The Fundamental Right to Good Administration in its New Attire

Introduction

The main human and fundamental rights recognised at Community law are catalogued in one document – and that is a Charter of Fundamental Rights and Freedoms. The citizen’s right to good administration is quite new and perhaps even revolutionary[1], as this is the first time that any legal system has proclaimed it and then constitutionalised it.

From one side the statement seems obvious: it is natural that the citizens of European Union are entitled to good administration. Therefore the question arises: when the responsibility rests with the administrative authorities to deliver good administration, why then declare a right? And does the right to good administration under the Charter represents a new right?

Moreover, in this work I would like to find answers for these questions:

  • What is the nature of the right to good administration and what are the principles of good administration?
  • What is the role of the individual in bringing action for the judicial review?
  • What is the result of the declaration of this right in the Charter?

The right to good administration poses a question of good administration in what regard? First of all, good administration may be understood as an obligation imposed on the Community Institutions. With the emergence of principles of good administration, the EU Ombudsman was established to maintain high standards for performance into the practices of the Community Institutions. Moreover, the Ombudsman created the Code of Good Administrative Behaviors. This is a normative document which shall be adopted by all European Institutions. However, the EU Parliament was the only one which adopted the Ombudsman’s code.
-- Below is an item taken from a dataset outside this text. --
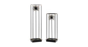 An interpretation in metal of flowering dandelions encased in steel frames, finished in an aged black with golden highlights. Sizes: S-6x16x5, L-6x21x5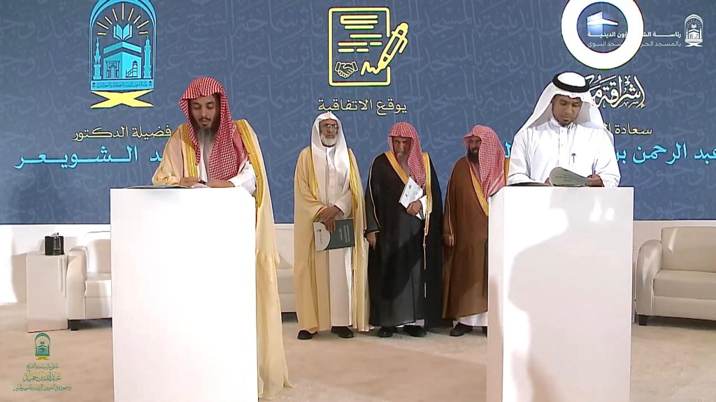 وقعت رئاسة الشؤون الدينية بالمسجد الحرام والمسجد النبوي مذكرة تعاون مع وقف إشراقة مكة للإنتاج الإعلامي وذلك لتعزيز التعاون المشترك بين الطرفين والممتد قرابة عقد ونصف من الزمن

It must be stated that not all rights have the same character. Some of them have the form of enforceable rights, others operate as imposed duties and some are merely aspirational.

What was the purpose of instituted the office of EU Ombudsman? The main factor was to root out maladministration from the Community Institutions. However the concept of maladministration is unclear and undefined in EU law. The Ombudsman has proposed that maladministration can be understood as “the breach of legally-binding rules”. That is a very wide interpretation, which refers both to hard and soft law. What is more, the Ombudsman has no power of redress, and many legal commentators have criticized him for a legalistic approach.

The main resource for this work was the monography on good administration written by Jill Wakefield and the litereture there given. Recent cases give an opportunity to follow the Court of Justice way of interpretation.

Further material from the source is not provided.